Эта воображаемая речь Нерона вполне соответствует по духу тем действительным речам, которые, в начале своего принципата, молодой государь, по словам Тацита, часто произносил пред сенатом, «обязывая себя к милосердию». Речи эти, как говорено уже, тоже сочинялись Сенекой, который «публиковал их устами государя», то есть превращал в манифесты, «чтобы засвидетельствовать, какие хорошие правила он преподает Нерону или, – добавляет скептический историк, – из желания похвастать своим талантом». Вернее: чтобы выдать, так сказать, государственный вексель, – закрепить надежду политического идеала гласным обещанием главы правительства.

Итак, пред нами, если не прямые цитаты из манифестов, то компактное отражение последних. Как откликались они в государстве? Сенека говорит о громадной популярности, которой встречено правление Нерона, за его безупречность (Innocentia).

– Никогда человек человеку не был дорог в той мере, как ты римскому народу! Но народная любовь обязывает. Заметь, что в народе уже не вспоминают ни об Августе, ни о первых днях Тиберия. Для тебя не ищут примеров к подражанию – ты сам стал примером! Единственная мечта у всех, чтобы весь принципат твой был таков же, как его первый год.

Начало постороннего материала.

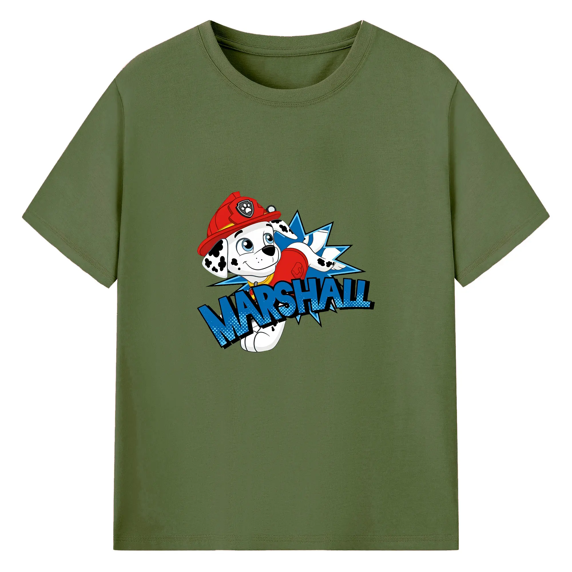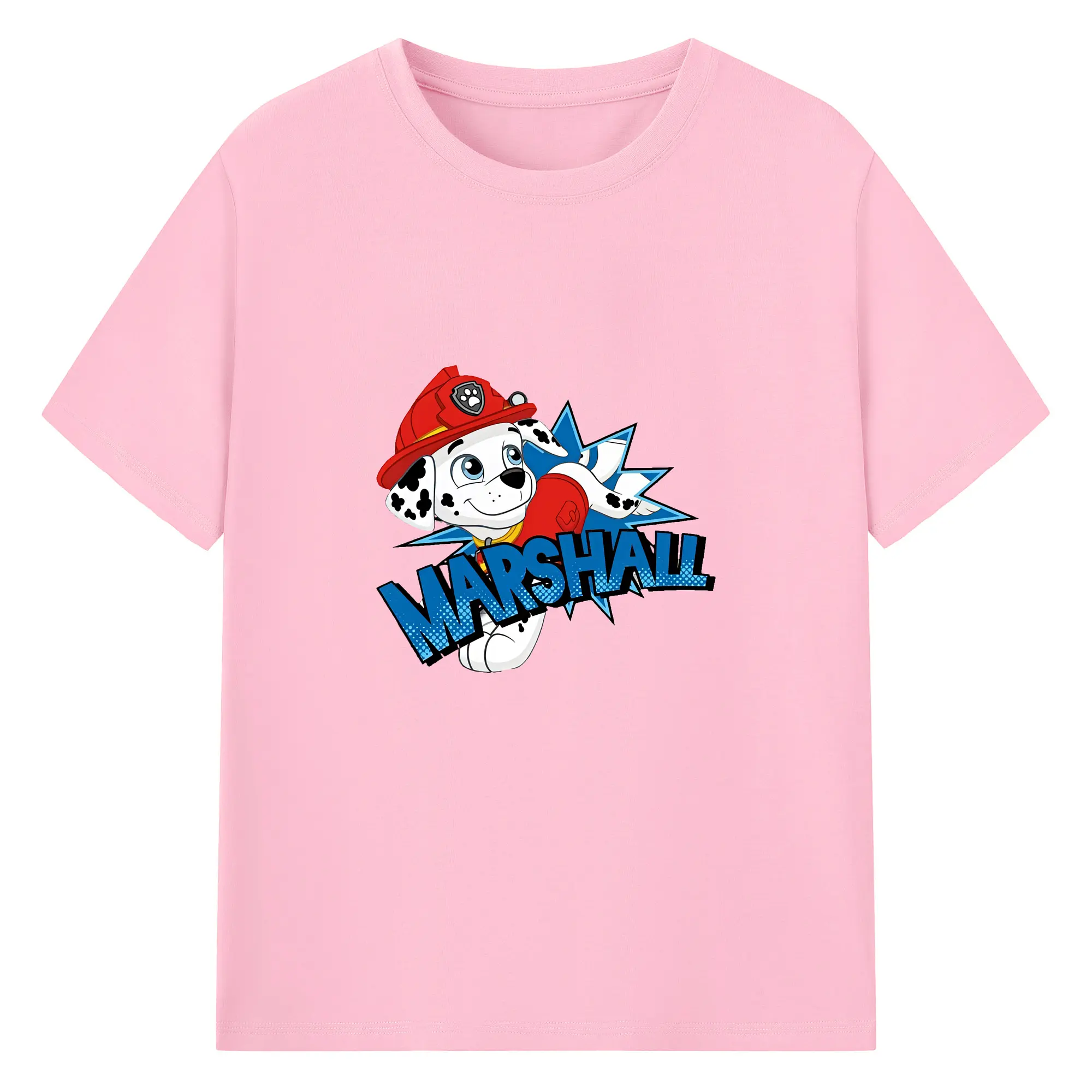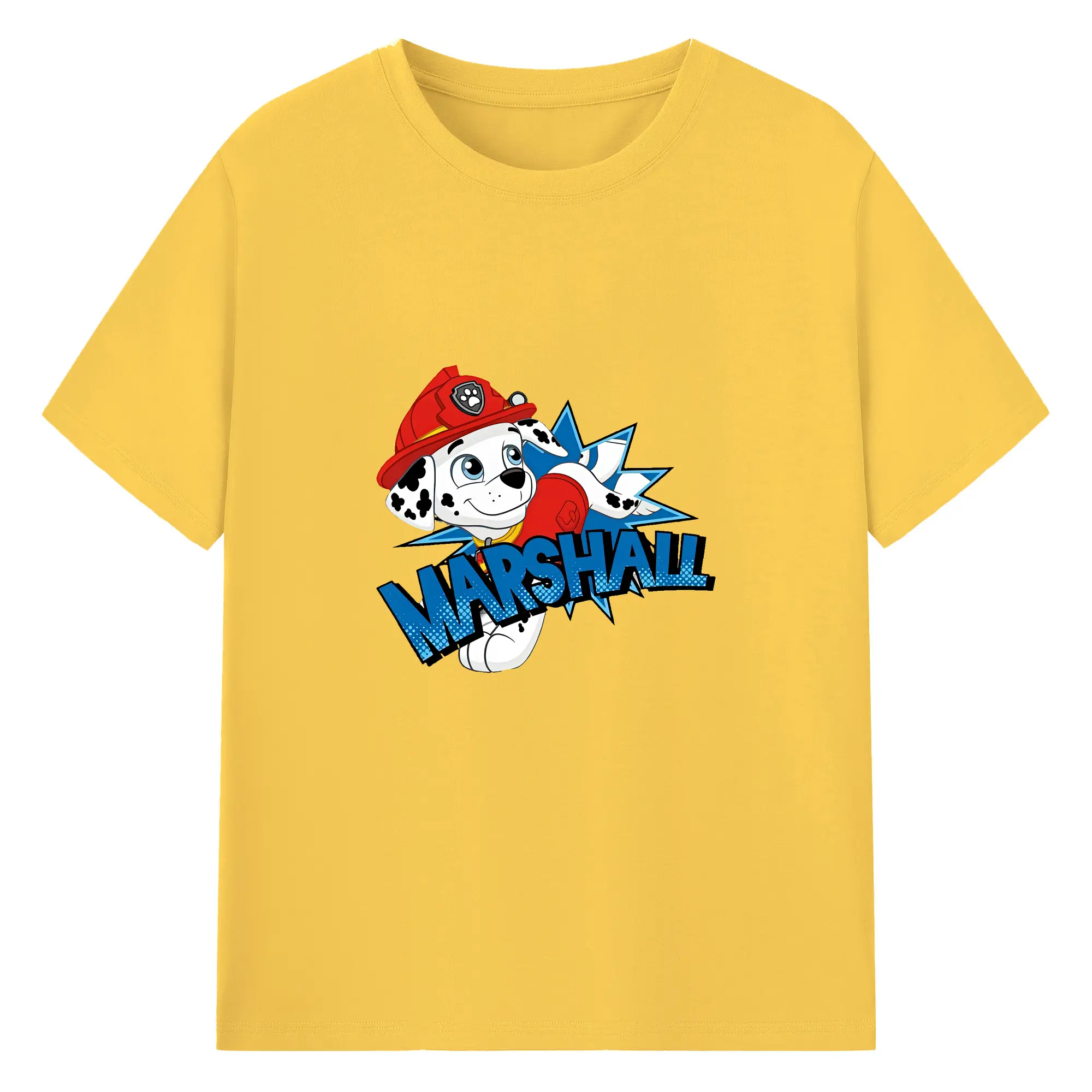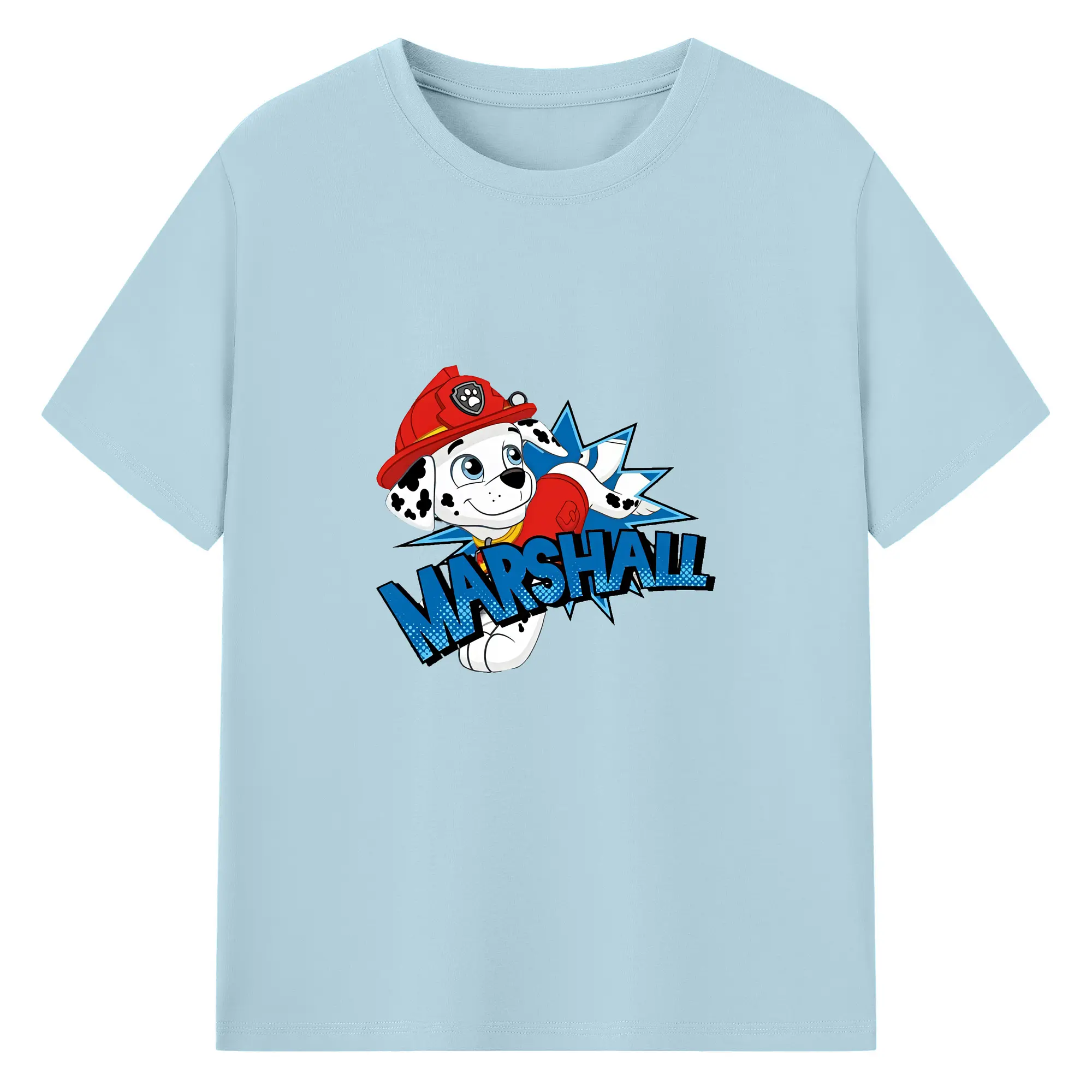 パウ・パトロール グッズ マーシャル - 綿100% 半袖Tシャツ ・ バックプリント ・ 快適 通気性 ・ 日常使い 散歩 スポーツ用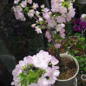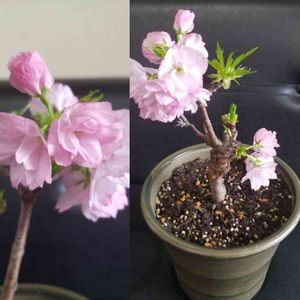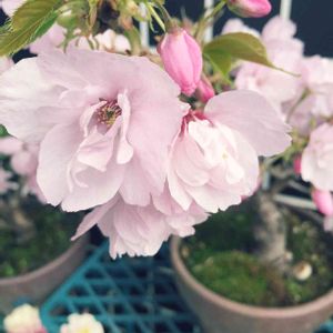 盆栽仕立ての 桜達。 次々に開花 🌸一才桜旭山🌸 か、可愛い💕😍💕 染井吉野は すっかり葉ザクラだけど 時間差で 楽しめて最高⏰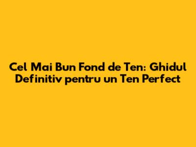 Tipuri de Ten și Recomandări de Fond de Ten
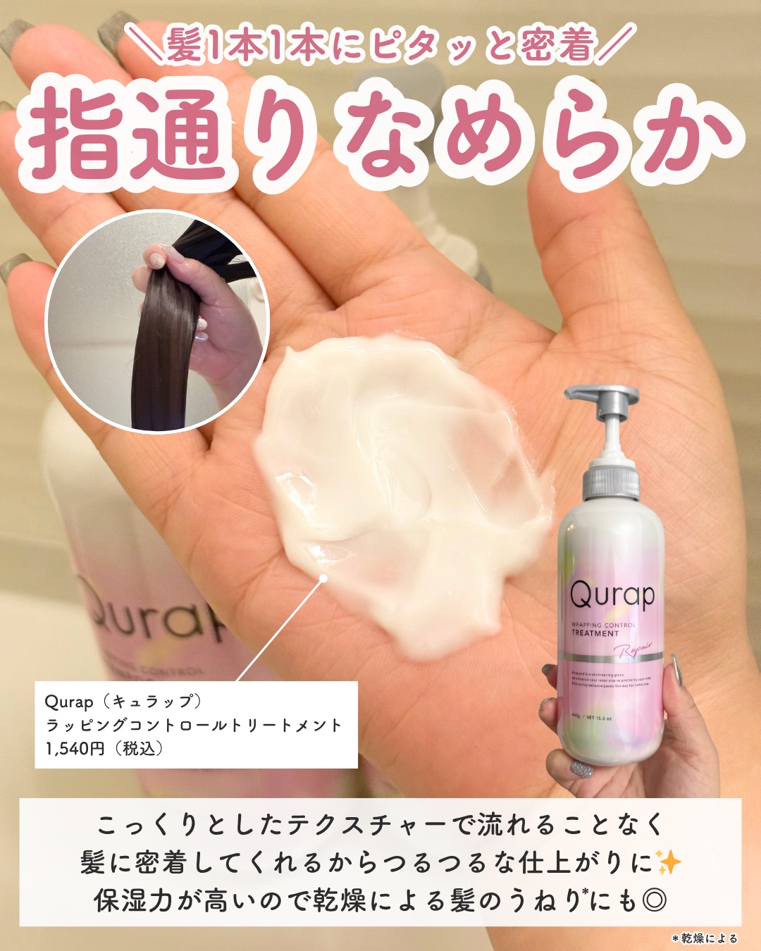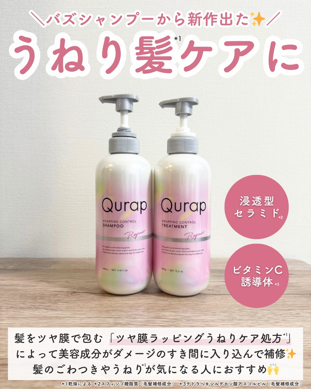 Qurapさまより頂きました🌟.ツヤ膜ラッピング処方でうるおい密封🫧☺️🩷.Qurapから新しい発売された⚪︎ラッピングコントロールシャンプー・トリートメント各1,540円(税込).髪のCMCに着目した浸透型セラミド*1×ビタミンC誘導体*2...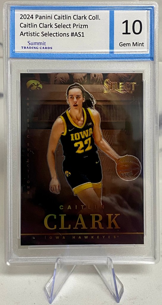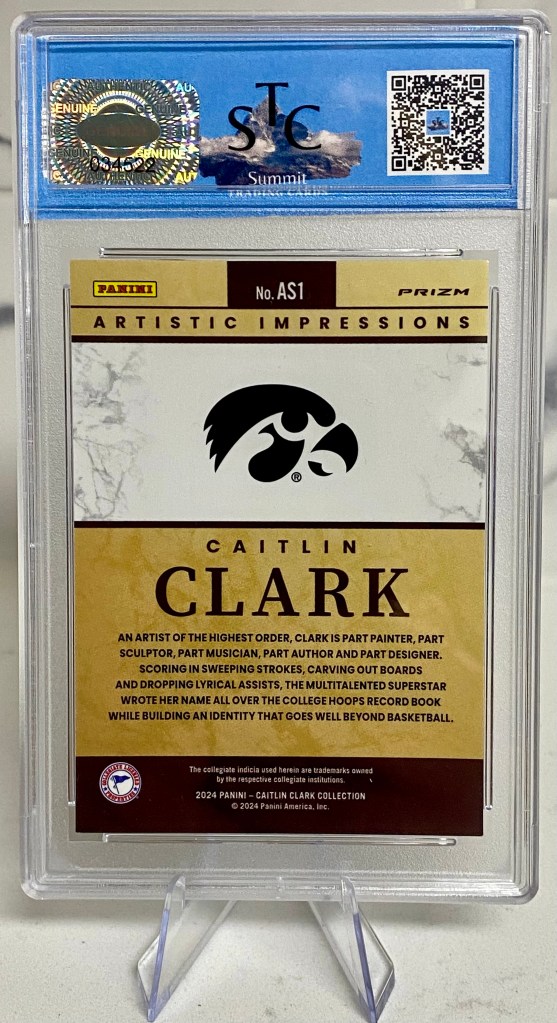 The high-quality Select Prizm Artistic Selections, which oddly has “Artistic Impressions” on the back, has a beautiful antique finish with a deep polished veneer on the front. Caitlin herself stands out in full color against this backdrop in her dark Iowa Hawkeyes uniform. The description on the back likens Caitlin Clark’s court prowess to the talents of a range of artists. Compared to the psychodelic Razzle Dazzle or the multicolored prism Fearless cards, this card has a classic appeal.
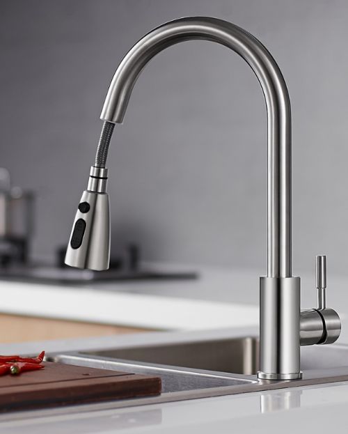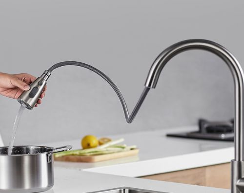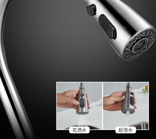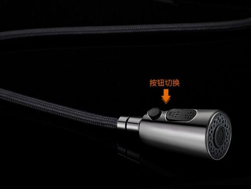 龙头自身采用无涂层的金属拉丝的设计,不容易剥落,也不容易残留指纹,油污等,抽拉的设计更是让灵活程度上升一个档次,直接覆盖整个水槽,不放过任何一处角落。而最精妙的地方在于龙头的一键双模设计。
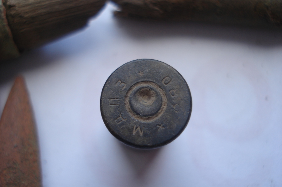 Девайс похож на остатки охотничьей пули, гильза - московский дроболитейный патронный завод, предположу, что от смит и вессона 380 калибра.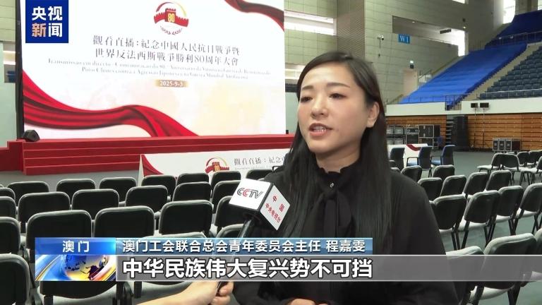 澳门工会联合总会青年委员会主任 程嘉雯:习近平总书记讲到中华民族伟大复兴势不可挡,人类和平与发展的崇高事业必将胜利。我们会坚定跟随国家坚持走和平发展道路,以史为鉴,发扬抗战精神,继续引领澳门青年发挥“一国两制”的独特优势,为中华民族伟大复兴贡献我们的力量。
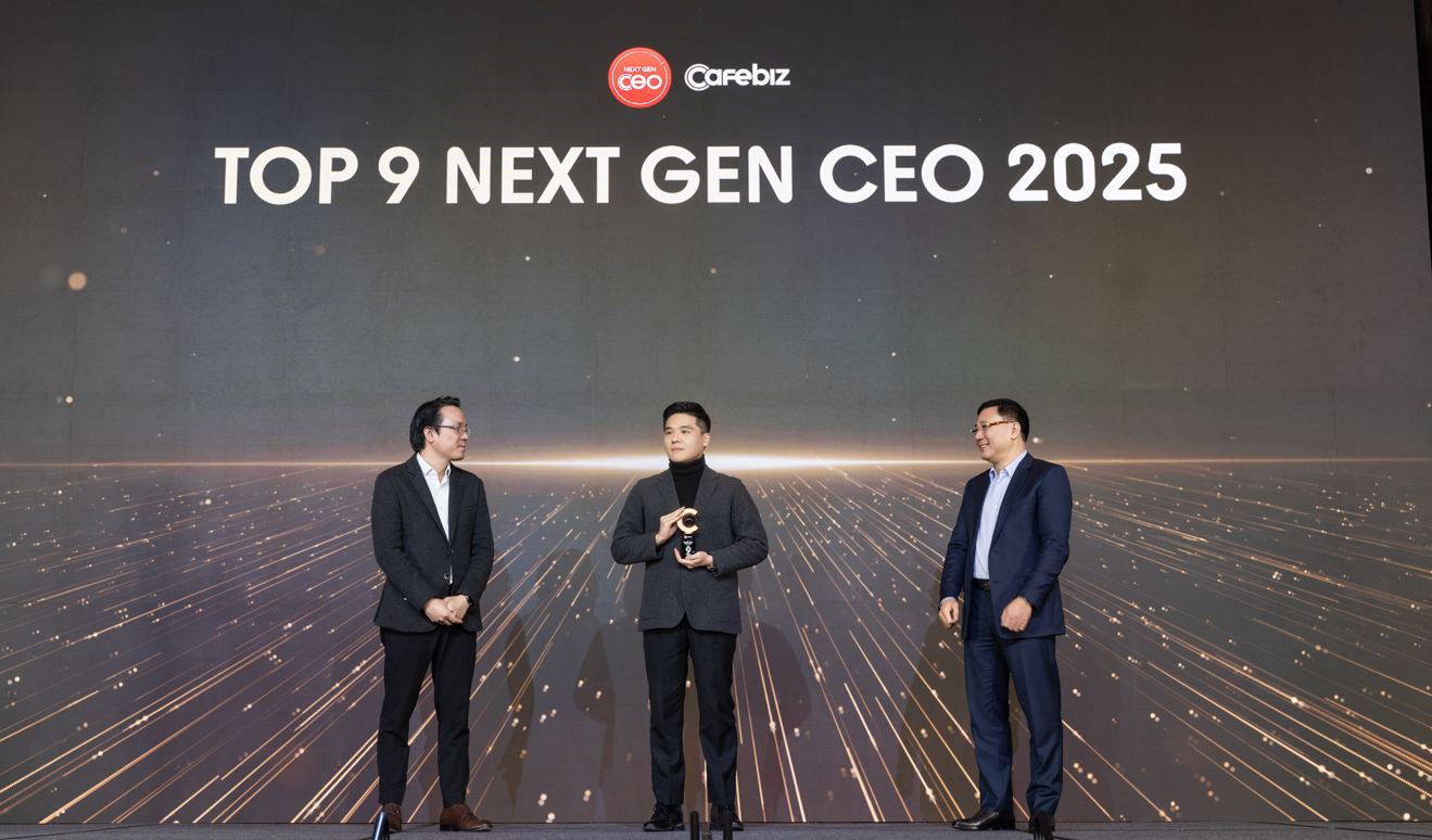 Tại CEO Circle Forum 2026 với chủ đề “Nghĩ Lớn - Làm Chuẩn | Think Big. Do It Right.” do CafeBiz (thuộc Công ty Cổ phần VCCorp) tổ chức, Ban Tổ chức đã chính thức vinh danh Top 9 Next Gen CEO 2025 - những gương mặt tiêu biểu được lựa chọn từ Top 36 Next Gen CEO 2025. Đây là các nhà lãnh đạo trẻ đại diện cho thế hệ doanh nhân Việt Nam mới, hội tụ tư duy chiến lược, năng lực điều hành và tinh thần chuẩn mực trong thực thi.

Эти комплименты опять-таки точнейшим образом сходятся с показанием Тацита о больших похвалах, которые сенат усердно расточал Нерону за его конституционное поведение, – «чтобы дух юноши, привыкнув блистать славой даже за маловажные дела, укреплялся к дерзанию на большие».

– Это (выдержать в течение всего принципата начала первого года) была бы не легкая задача, – продолжает министр, косвенно отвечая на слухи и сплетни, неблагоприятные для юного государя, распространяемые клавдианцами и сторонниками других претендентов, – если бы благость твоя не лежала в самой природе твоей, если бы ты вооружился ею лишь на время. Никто не в состоянии долго носить маску. Природа возьмет верх над притворством, и характер возвратится к своим истинным началам. Для народа римского была не шуточной лотереей будущность под твоей властью (magnam agebat aleam populus romanus), покуда твое направление не выяснилось. Теперь же никто не боится за будущее, настолько все уверены в том, что ты не в состоянии внезапно забыться до измены себе самому (ne te subita tui capiet oblivio). Все с восторгом видят воочию осуществление истинной республики: государства, которое допускает в себе решительно все проявления совершенной свободы, до тех пределов, за которыми уже разрушилось бы и самое государство (forma reipublicae, cui ad summam libertatem nihil deest, nisi pereundi li centia).

Сенека подробно развивает теории взаимной связи между Римом и его государями и широко о неразрывной любви народа к принципату, которая возникает из этой связи. И здесь, как ранее в своем «Утешении Полибия» и затем в книге «О благодеяниях», он убежденный сторонник и проповедник единовластия. Рим перестанет повелевать в тот день, когда разучится повиноваться. Притворный характер августовой конституции Сенека отлично понимает, но приемлет его и одобряет.

– Недаром некогда Цезарь (т.е. Август) «оделся в республику» (olim se induit reipublicae Caesar), – теперь союз государя и государства нельзя разорвать без смертной опасности для того и другого: насколько государю нужны силы, настолько республике глава.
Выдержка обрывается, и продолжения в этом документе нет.